Use group by to aggregate data by a specific value(s). When group by is included in the query, the output dataset includes just the last records aggregated by the specified value. In the below examples, we use the aggregate function count{}() to get a number of records for each aggregated group for demonstration purposes.

tip

QQL supports group by by BOOLEAN, CHAR, DATETIME, TIMEOFDAY, INTEGER, VARCHAR, and ENUM.

For example, let's group by by a specific object type:

Examples with GROUP BY keyword
-- Output dataset includes the last records aggregated by symbol.
SELECT * FROM binance GROUP BY symbol

-- aggregates the output by the entry.level
-- count{}() aggregate function provides a records count for each aggregated group
SELECT entry.*, entry.level, count{}()
FROM binance
ARRAY JOIN entries AS entry
GROUP BY entry.level

You can group by by more than one value:

-- Output dataset includes the last records aggregated by entry.level and symbol, count() aggregate function provides a records count for each aggregated group.
SELECT entry.*, entry.level, count{}()
FROM binance
ARRAY JOIN entries AS entry
GROUP BY entry.level, symbol

group by does not have to be performed by a specific column name, like in previous examples. You can group by a calculated value:

SELECT THIS.*, avg{}(totalQuantity) FROM infoA GROUP BY (infoIdA % 3)

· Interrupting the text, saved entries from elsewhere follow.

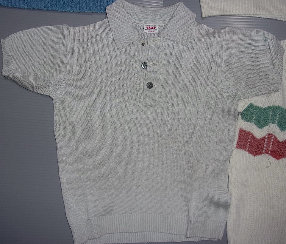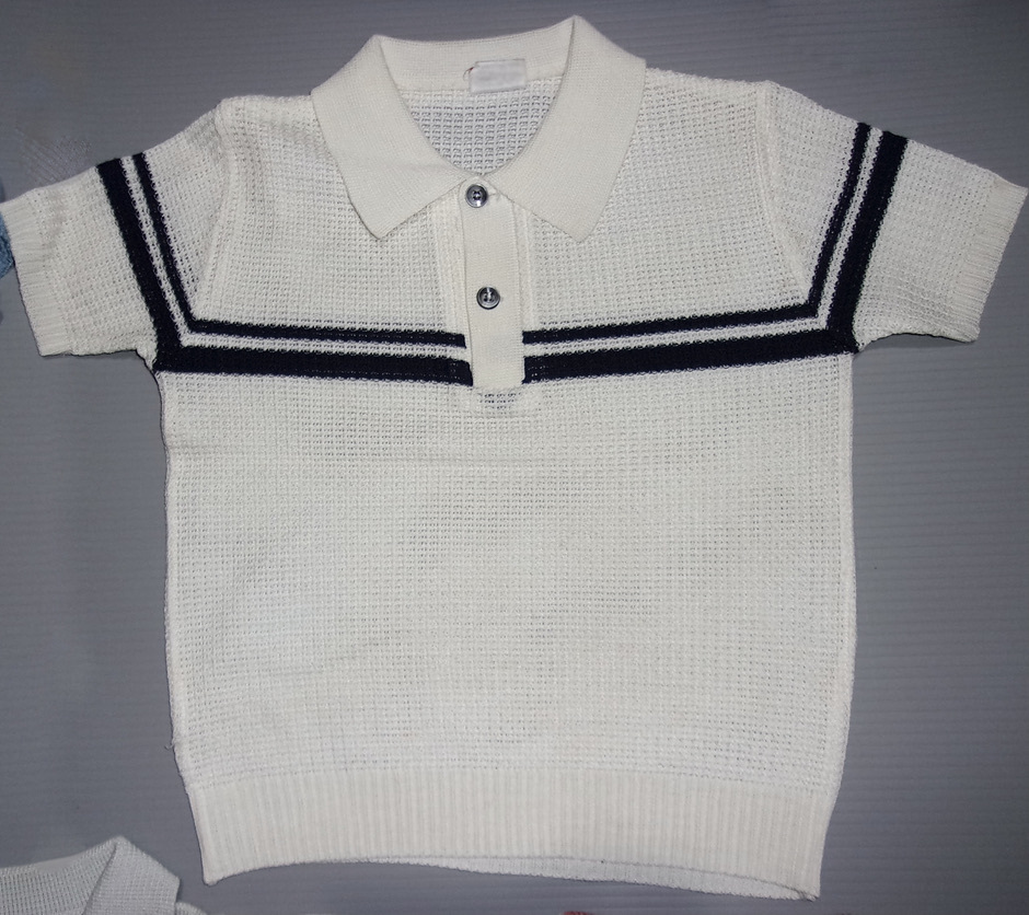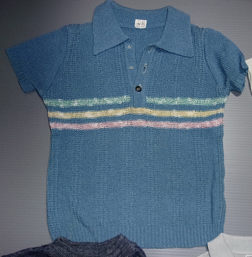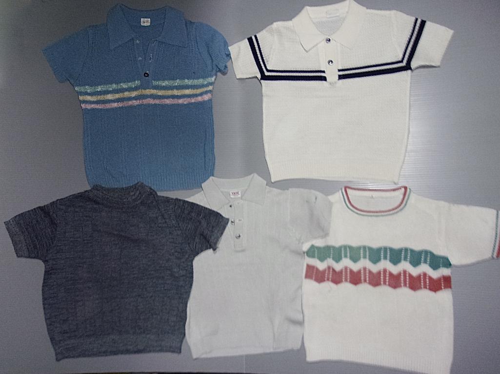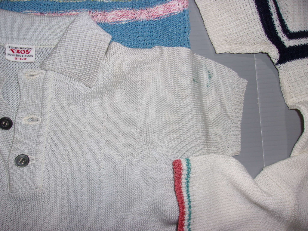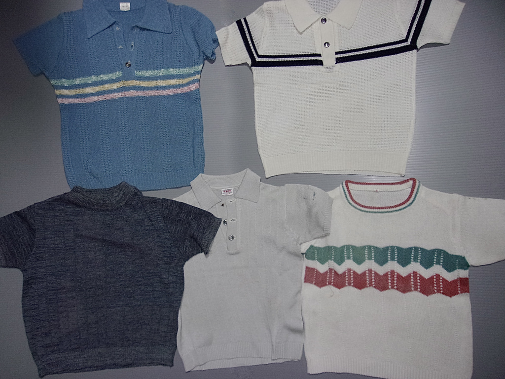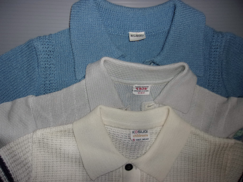 男の子サイズ、夏物商品いかがでしょうか?状態は綺麗なものと多少汚れのものとあります。写真でご判断ください。昭和40年代の古いポロシャツで独特のレトロ感があります。Used品に付きNCNRでお願いします。ですが、不衛生などと言ったことはありません。ペットや喫煙なし環境での保管品です。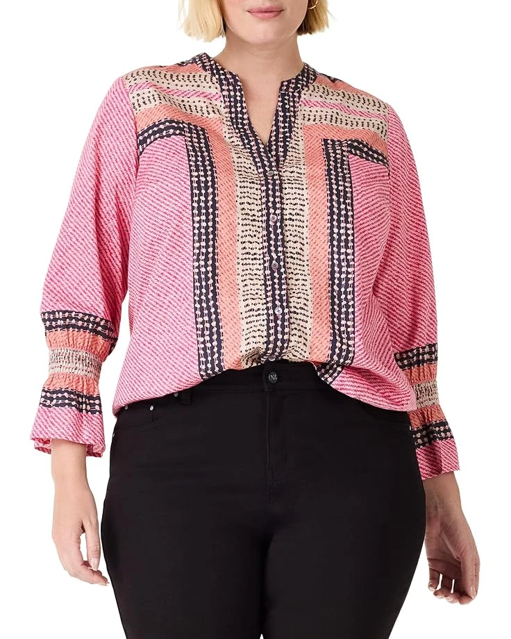 - The NIC+ZOE™ Plus Spotty Stripes Top was inspired by the pattern of zoomed-in textile and that’s reflected in the print’s artisanal quality. This printed top features a unique pullover shape that is super easy but also adds some flair thanks to its elbow-length sleeves with ruffle cuffs and a collarless neckline that drops into a short V. The straight hem of the top adds to its style. Made from 100% cotton, this pullover top is breathable and lightweight for all-day comfort.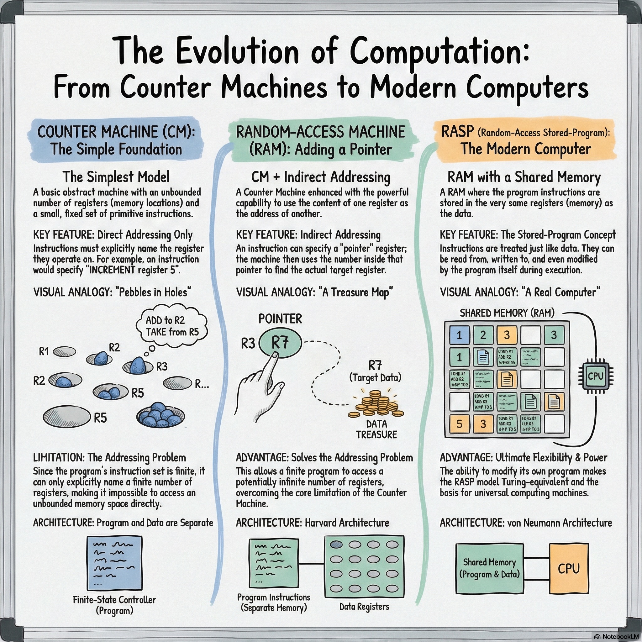 | Pointer Machine | Object-Oriented Runtimes (JVM, Python). While they run on RASP hardware, the "virtual machine" behaves like a pointer machine, managing a "heap" of connected objects. |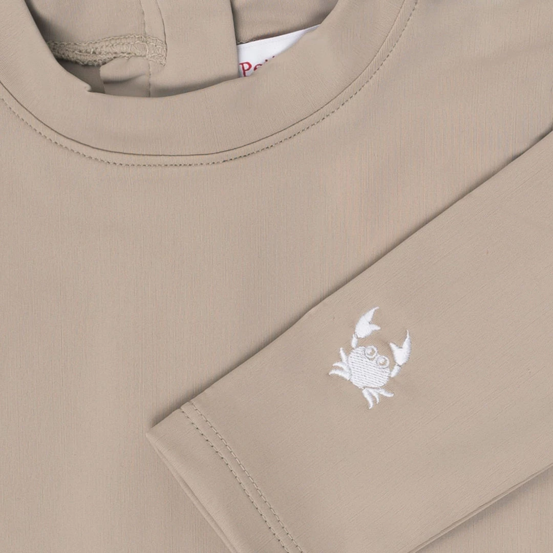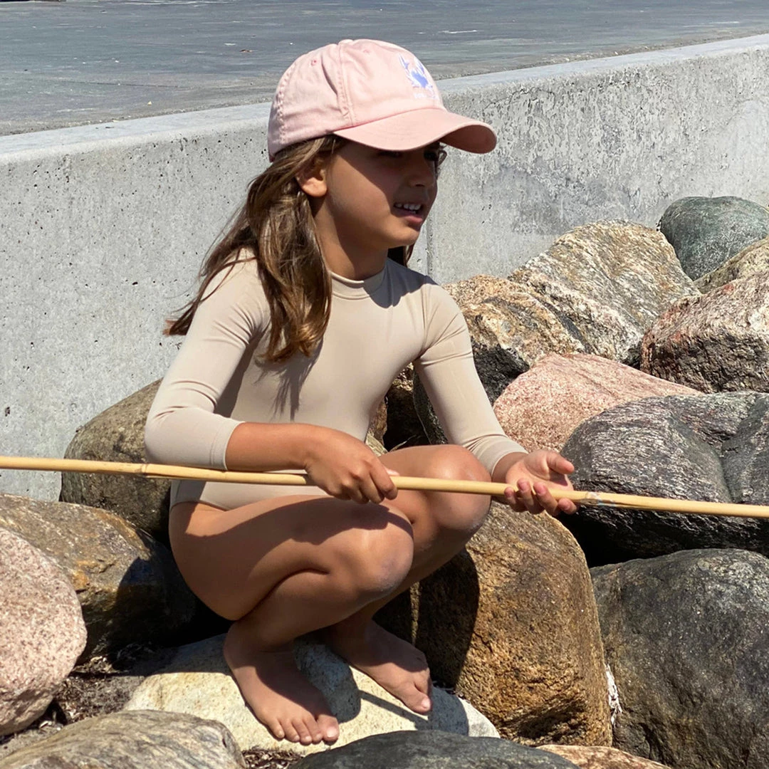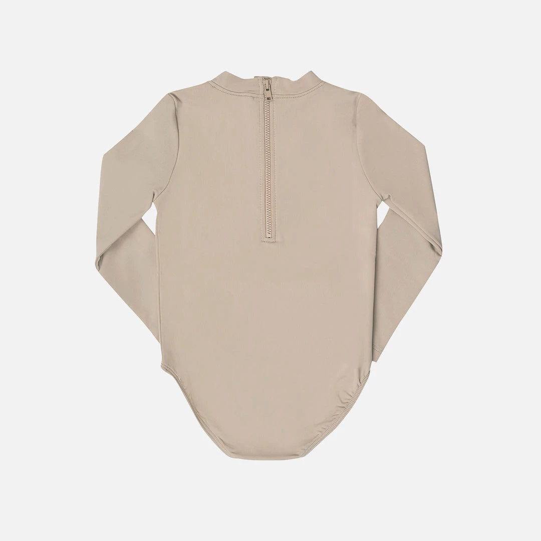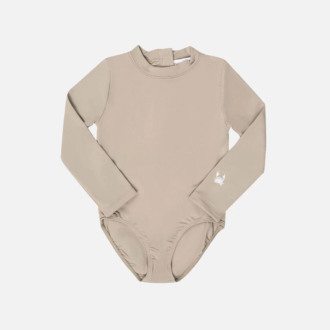 A long sleeved swimsuit with white crab embroidery on the sleeve. Designed with a zipper fastening at the back.

There may be a case, depending on each server configurations, when there is not enough server memory to process all the created groups at once, when their count is very large. In this case, groups are cached on disk, which may cause a significant query performance downgrade. There is a TimeBase server java vm system property called maxGroupsCount which is set to one million by default: -DTimeBase.qql.maxGroupsCount=1000000. When the groups count reaches the maxGroupsCount value groups start to get cached on disk. On top of that, the system performs a server memory check before the caching procedure each time the groups count overpasses maxGroupsCount value by 5%. To release the server memory, query may be performed in several steps, processing maxGroupsCount in each step, which may cause delays in query processing. Please keep it in mind when creating your queries.

Group by Timestamp

Group by timestamp is not an efficient operation as it produces a large number of groups. Use over time (1ms) when you need to group by timestamp:

-- Sum total traded size for each timestamp
select sum{}(entry.size) from binance
array join (entries as array(TradeEntry)) as entry
over time (1ms)
where entry is not null